VICTORIOUS Brothers captain David Richardson summed up his team's latest grand final success when he spoke proudly about the mateship at the club.

"There's a few boys talking throughout the year that this might be the last year,'' Richardson said amid the first division celebrations at Baxter Oval.

"But it's a bond that brings us back.''

A number of Brothers players have been together for 15-20 years, sharing the highs and lows of playing in the Ipswich and West Moreton Cricket Association competition.

Among those is Brothers' warrior Mark Sharrad, who recovered from two hip replacements in 2016 to enjoy another premiership with his cricketing mates.

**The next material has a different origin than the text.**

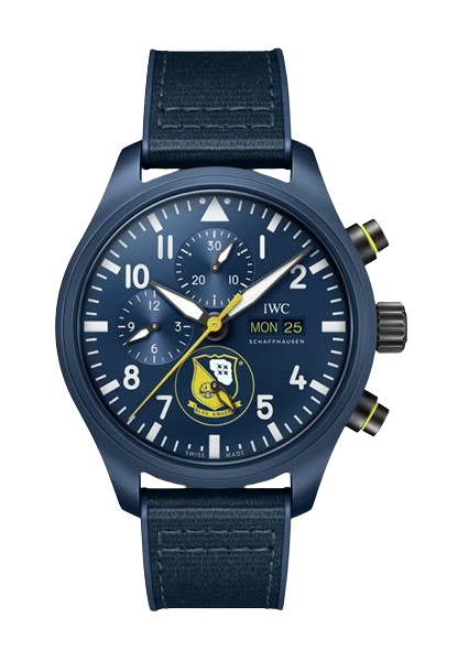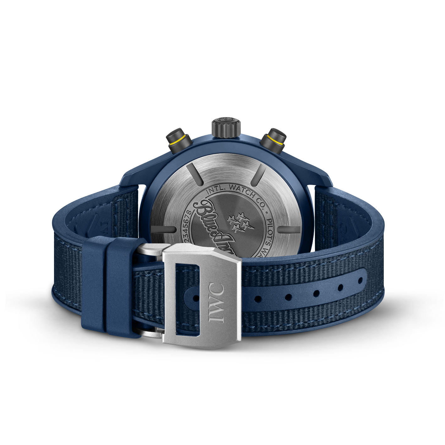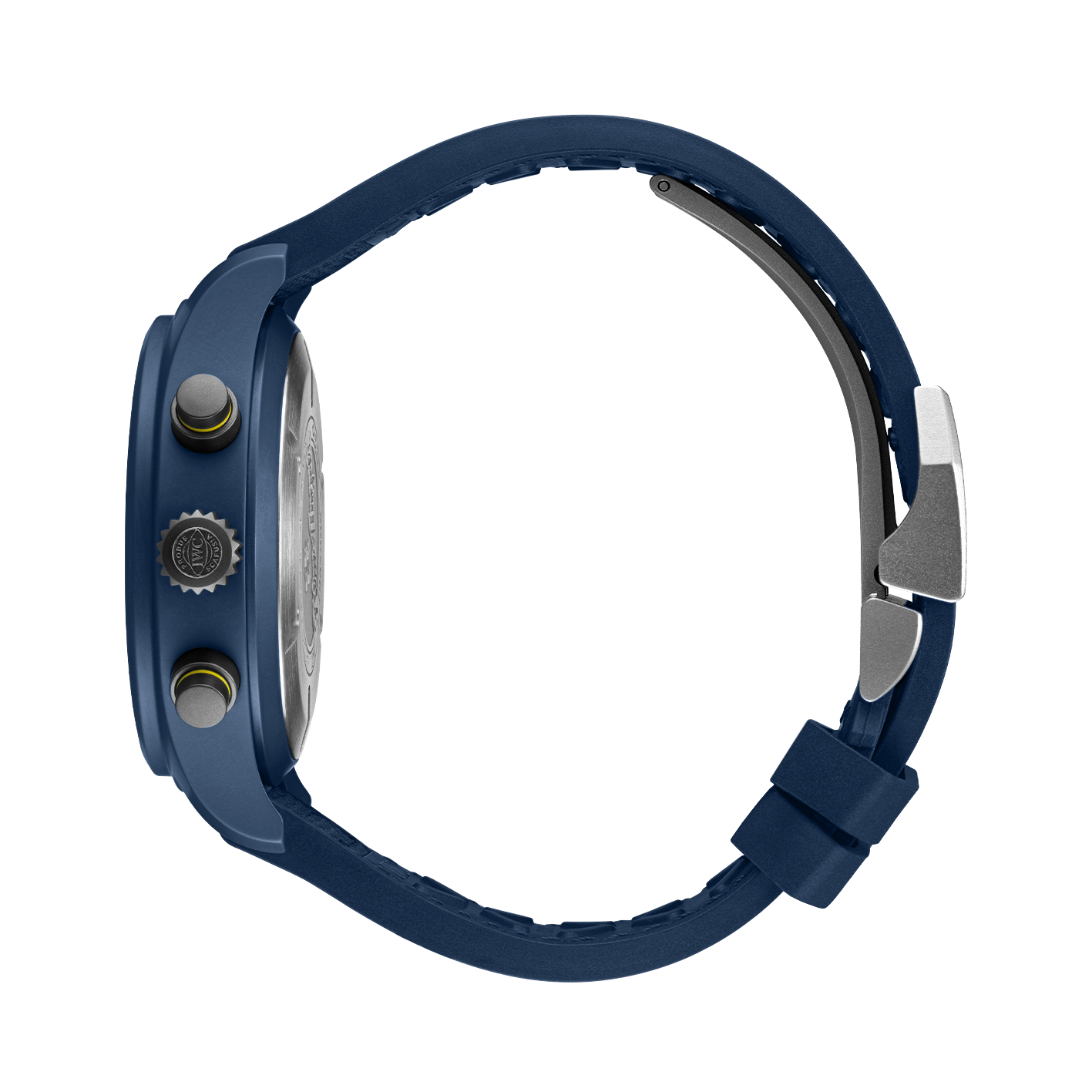 Ceramic case. Self-winding. Diameter 44.5 mm. Blue rubber strap with fabric insert. Strap width 21.0 mm.

"The core group around here have been around for a long time,'' Sharrad said.

"To have those other fellows in the same team was good to have around. It makes the win even more sweeter.''

Sunday's latest top grade success over Laidley was Sharrad's second with the club, having shared in Brothers' 2013 grand final triumph.

He'd also been part of a losing grand final.

At 43, Sharrad has been around cricket long enough to respect his opponents, especially the Laidley Bluedogs.

"Honestly, I didn't think we were home and hosed at any stage,'' Sharrad said.

"At any given time, you don't know what can happen. The game was toing-and-froing the whole way through.''

Sharrad's cricketing respect extended to Laidley's lower order, as the Bluedogs reduced the runs required to under 100.

"Of the three wickets we needed to get at the end there, Gibbo (Ben Gibson) can score runs. He's good for 30/40 plus runs,'' Sharrad said.

"Terry Emmerson, when he comes in, he's good for the same amount. And Topp (Michael Topp) you never know what he's going to do.''

Seeing the satisfaction on Sharrad's face after the grand final highlighted what it meant to one of Ipswich's finest all-round sportsmen.

The former Wests' A Grade hockey goalkeeper and Ipswich Jets footballer has maintained his fitness and strength for many years, often overcoming injuries that would have slowed or completely stopped a less determined competitor.

However, Sharrad was keen to keep playing for Brothers after a season off following those two hip replacements.

"The hips have come along real good,'' the powerful fast bowler said.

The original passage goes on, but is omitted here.